Extracted data entries
______

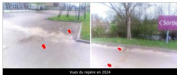
Vues du repère en 2024

GÉNÉRAL Code : 24LACIAX2_R_107_1 Date de mise à jour : 06/03/2025 Auteur : SPC LACI
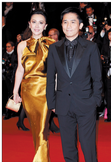
▲梁朝伟刘嘉玲夫妇特意来捧场 ▲张雨绮出席《天注定》首映式 (本版图片均据新华网)
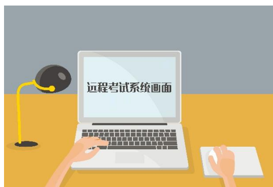
图一：第一机位考生视角

第一机位考生视角的示意图如图一所示，第二机位拍摄效果如图二所示，机位整体布置情况如图三所示，请考生参考。
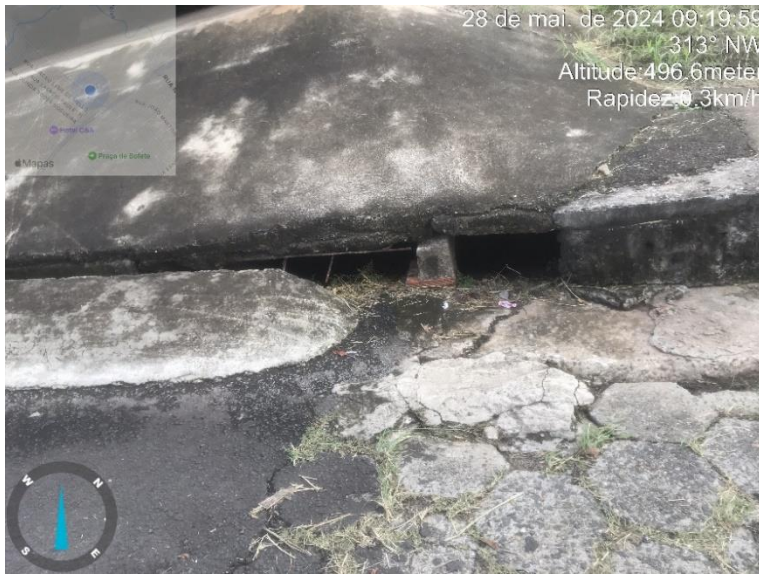
Imagem 37 - Boca de lobo Rua Magali Maris Vieira, próx. esquina com Av. Bofete-Pardinho.

______

• [Work instruction]
Starting at the line containing "GÉNÉRAL Code : 24LACIAX2_R_107_1", output every remaining line of the records above exactly, the last one included. Nothing else belongs in the output, and no pictures either.

• [Answer space]
GÉNÉRAL Code : 24LACIAX2_R_107_1 Date de mise à jour : 06/03/2025 Auteur : SPC LACI
▲梁朝伟刘嘉玲夫妇特意来捧场 ▲张雨绮出席《天注定》首映式 (本版图片均据新华网)
图一：第一机位考生视角

第一机位考生视角的示意图如图一所示，第二机位拍摄效果如图二所示，机位整体布置情况如图三所示，请考生参考。
Imagem 37 - Boca de lobo Rua Magali Maris Vieira, próx. esquina com Av. Bofete-Pardinho.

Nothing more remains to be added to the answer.